The FDA prevailed last week in a key lawsuit over its compounding rules. The dispute was over when a compounder can make a product using bulk powder. That might seem dull, but trust me, it's not: It’s a dispute that cuts to the heart of the compounding rules written by Congress after the 2012 fungal meningitis outbreak caused by compounded drugs, which killed 76. And on Thursday, D.C. District District Court Judge Amit Mehta upheld the FDA’s existing rules on the issue. 

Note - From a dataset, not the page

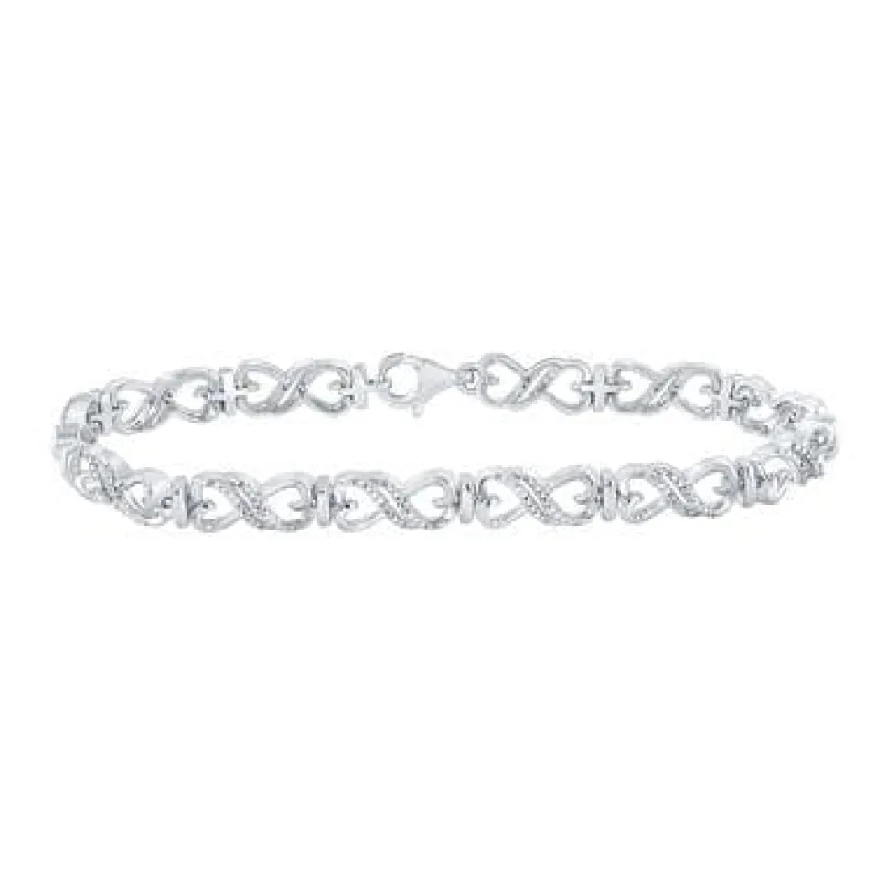 Beautiful heart-shaped infinity symbols make up this sparkling 1/10ctw diamond bracelet in affordable sterling silver. A perfect gift to show your love, give her some bling and get a lot of bang for your buck too!
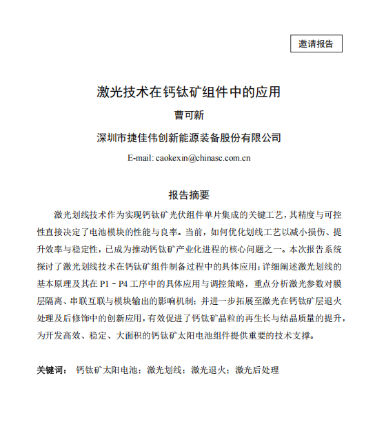大面积钙钛矿制程控制及可靠性检测解决方案 【王 浩】

For more on the case, my colleague Ed Silverman has the dispatch for STAT. But as a compounding nerd, I can’t help including a bit more color here: FDA’s policy on bulk powder has been a pain in the agency’s side for years now. In the nearly six years since Congress passed the compounding law, the agency has only come up with rules about using bulks for two out of roughly 250 substances being evaluated. Compounding experts attribute that delay, at least partially, to the controversy that has surrounded the policy being weighed in this court case.

This ruling (assuming it isn’t overturned in a presumed appeal) finally gives the agency legal cover to march ahead with its preferred policy.

“It is likely that the agency will significantly speed up its clinical need evaluations over the coming weeks and months,” said Eli Tomar, counsel at Akin Gump, who represents compounders that work with FDA-approved drugs rather than bulk drug substances.